Increasingly the national enterprise campaign I co-founded, StartUp Britain, is being asked to join with events that would usually be the traditional domain of big graduate recruiters like banks, insurance houses and city institutions.

Last week we were asked to go to Warwick University to take a stall at an event called Kick. Organised and executed by business studies student Tom Watson, it focused on entrepreneurship, accelerators and start-ups, with traditional careers advisers prowling on the side lines.

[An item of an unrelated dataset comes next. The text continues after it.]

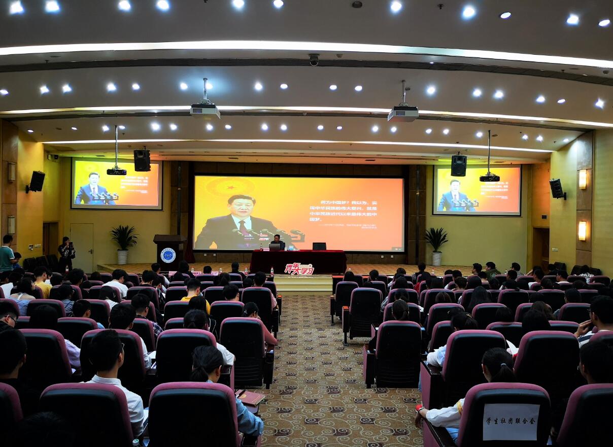 马洪江从历史渊源、现实背景、内容本质、实现路径等方面对美丽“中国梦”进行了详细阐述,对“中国梦”的重大意义、核心要义和丰富内涵进行了充分的讲解,并重点就习近平新时代中国特色社会主义思想贯穿的鲜明人民立场,习近平时代观、发展观、奋斗幸福观以及蕴含其中的科学思想方法和工作方法进行了深入浅出的阐释。他强调,青年大学生是中国特色社会主义事业的建设者和接班人,必须坚持用习近平新时代中国特色社会主义思想武装头脑,更加自觉地在思想上政治上行动上同以习近平同志为核心的党中央保持高度一致,努力成长为坚定的马克思主义者。
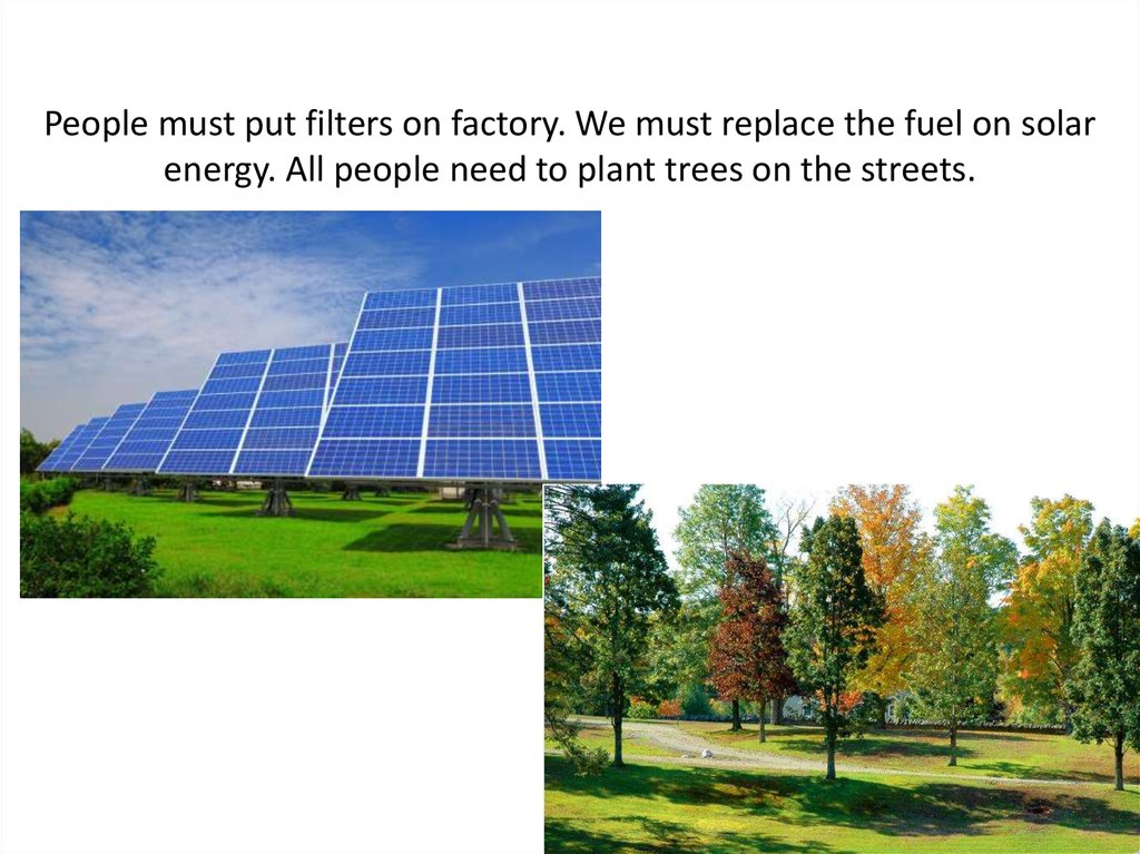 People must put filters on factory. We must replace the fuel on solarenergy. All people need to plant trees on the streets.

Many of the young people we spoke to said they definitely were going to start a business. Many of them already had. What was interesting was that many of them weren't even sure what their business would be - but that didn't seem to be putting them off at all. This implies they are not worried about failure either. They are willing to take the risk.

We've also been asked to speak and help prepare fashion graduates for entrepreneurship at next month's Graduate Fashion Week at Earl's Court for the first time. Before this point, finding employment within the fashion industry was the sole focus.

Is it me, or is something happening here? Has the tipping point arrived? What we recognised that we needed to do at StartUp Britain was change the single-minded British sensibility with all arrows pointing towards employment.

With the publication of Lord Young's Growing Your Business report, uncovering proposals that will help to grow start-up and micro businesses, it seems that the Government and Lord Young are with me on this one.

What we need to tackle now is making the infrastructure and cultural change that will make growth and long-term development easier and more achievable for start-ups and micro businesses.

Lord Young's ideas are a good start. Growth vouchers, growth loans, a business bank and a good old hack at the red tape that precludes any new business from easily obtaining Government and local authority procurement, are a really good place to start.

This proposal represents opportunity and security for fledgling businesses looking to build - and to those that offer this trusted business, access to the kind of innovation and high energy that only comes with entrepreneurship.

At StartUp Britain we'd like to see this Government lead taken up by big business. We'd like to see them looking to work with this growing army of micro businesses too, with payment terms that match.

Only then will we begin to see the next tipping point on the horizon.